Martin Kulldorff recently wrote the following:
For the mRNA vaccines, the big question that needs an urgent answer is whether they cause an increased risk of heart attack and/or other serious heart problems. There are many anecdotal reports, especially among young male athletes, and many VAERS reports.
He further writes:
Public health officials face a temptation to summarily dismiss anecdotal vaccine injury stories and people concerned about the publicly available VAERS reports, but in public health, we cannot do that. We must take people’s concerns seriously.

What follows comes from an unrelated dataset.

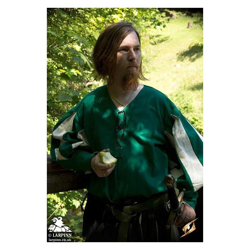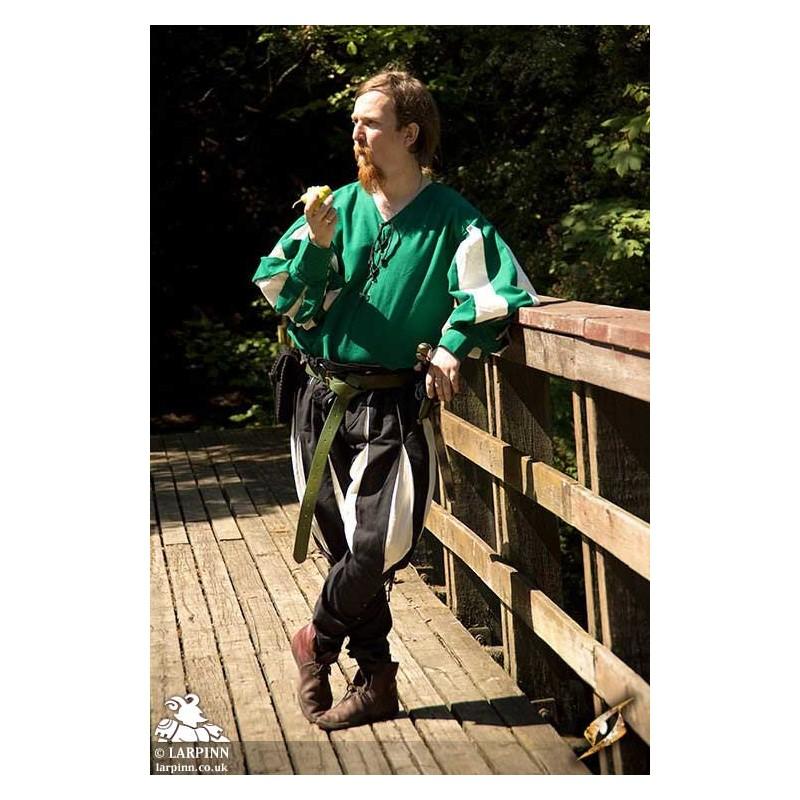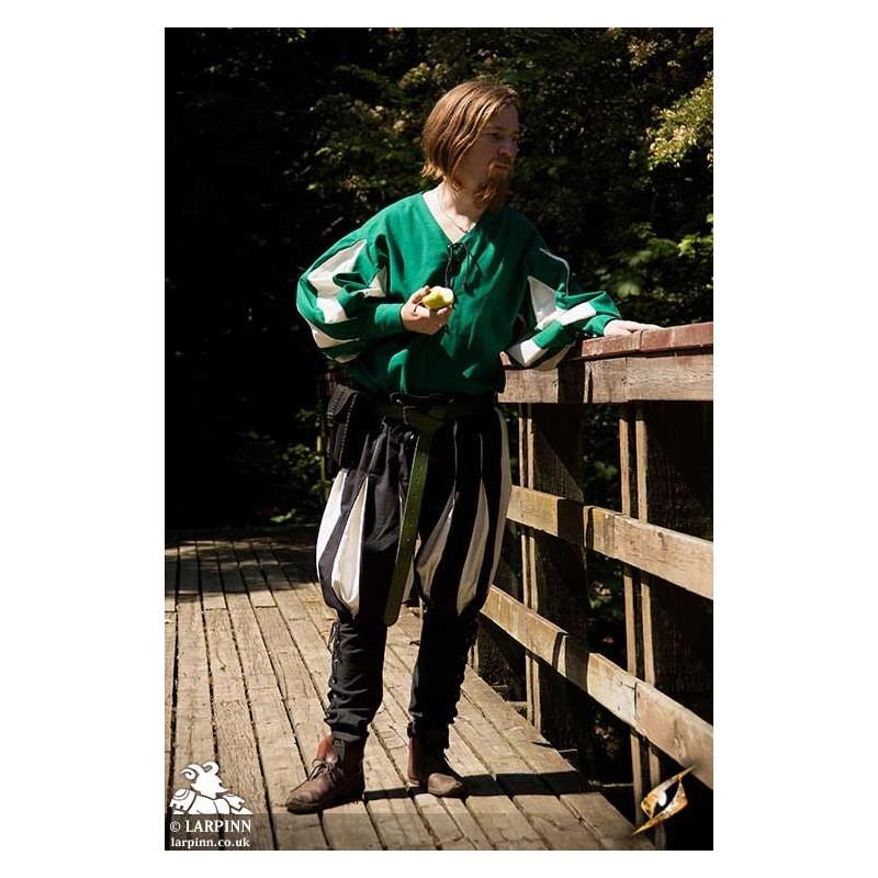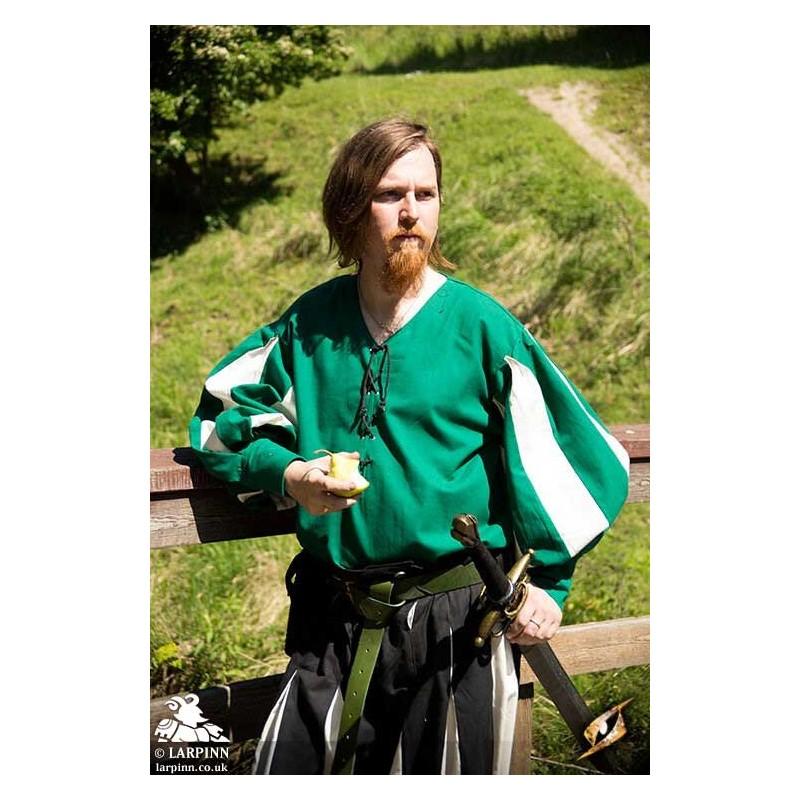 Epic Armoury’s Landsknecht Shirt is a hip-length shirt with baggy sleeves and vertically cut colours, most often associated with the wealthy men of the Renaissance. Made from durable heavy cotton, this shirt has a broad neck which can be laced open or closed. The contrasting puff-and-slash sleeves end in narrow cuffs at the wrists, which are adjusted by tightening its reinforced cotton cord to get the best fit.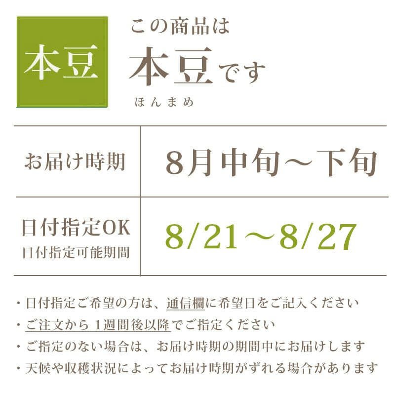 「本豆」の収穫時期は8月中旬~下旬頃。一番の最盛期に収穫される“さかり”の豆で、シーズンを通して最も人気のあるだだちゃ豆です。

What’s an economist’s reaction to anecdotal evidence? A friend recently asked me about the statistical relevance of anecdotal evidence. My answer to him was the following. The sum of life experiences by the many leads to a picture of the whole, while a picture of the whole hides unique and varied life experiences.
No “anecdotal evidence” should be dismissed a priori, just because it has been observed over a small and/or unique sample. The questions are the same, whether about “anecdotal evidence” or “evidence over a larger sample or population”: Have we really observed a change in the pattern in our data? What kind of inferences, if any, can we make from our observations?
I have never paid much attention to athletes (no offense to the athletes), but I have recently paid attention to U.S. deaths. Using publicly available CDC data, I simply plotted monthly U.S. deaths, from 1999 to 2021.
To my surprise, deaths due to suicides do not show an increase in 2020-21. But we thought they did, didn’t we? Does this mean we were not paying attention to suicides before, but recent events made us more attune to the suffering of others? Or does it mean deaths of despair are found in other cause of death categories? Deaths due to accidental poisoning and exposure to noxious substances (which include accidental drug and alcohol overdose) have increased. Deaths due to homicide, and deaths due to liver diseases, have too.
Some thought April 2020 deaths were too high and justified putting our lives on hold, but January 2021 numbers were worse—the percentage death rate in 2021 is the same as it was in 2020. Why the increase in January 2021 deaths? Continued upward trend in deaths due to the increase and aging of the US population? Deaths of despair? Increased deaths due to untreated conditions in 2020? Deaths due to COVID or one of its variants? Vaccine deaths?
In 2021, death numbers have peaked at unprecedented levels, in September, for the 45-54, 35-44 and 25-34 years old. September 2021 deaths for the 65-74 and 55-64 years old were also higher than their April 2020 numbers.
Ok, so why is that significant? Let’s take the 45-45 years old group for example. Seasonal variations in deaths for this group has always been less pronounced than for the 85 years and older group, but whatever peaks they had, they still occurred mostly in January for both groups—so a 45-54 years old death peak in September is unheard of.
Why the increase in September 2021 deaths? Continued upward trend in deaths due to the increase and aging of the US population? Deaths of despair? Not consistent with a September peak of deaths. Increased deaths due to untreated conditions in 2020? Deaths due to COVID or one of its variants? Not consistent with a peak of deaths predominantly observed for “younger” age groups.
Vaccine deaths? The January 2021 peak, which is higher than the April 2020 one, is dominated by deaths from 65 years and older age groups. The September 2021 peak is dominated by 64 years and younger age groups.
But don’t those peaks also correspond to the COVID-19 ones? That’s correct.
But, while the April 2020 and January 2021 COVID-19 deaths peaks show the usual age distribution, with deaths experienced in greater numbers for older age groups, the September 2021 does not. In September 2021, recorded COVID-19 deaths show 65-74 years old died in greater numbers than 75 years and older, and COVID-19 deaths for the 45-54 years old were as high as for the 85 years and older.
This has never happened before for deaths due to respiratory diseases, from 1999 to 2019. These September 2021 peaks for “younger” age groups are consistent with the vaccine deaths hypothesis.
My motivation has always been to minimize the suffering. Even if COVID-19 had been alarming, panic certainly wouldn’t help. Even if the vaccines were harmless, denying individuals the ability to opt out, doesn’t help the ones who willingly opt for it. Am I afraid to admit COVID vaccines have caused deaths? Are you?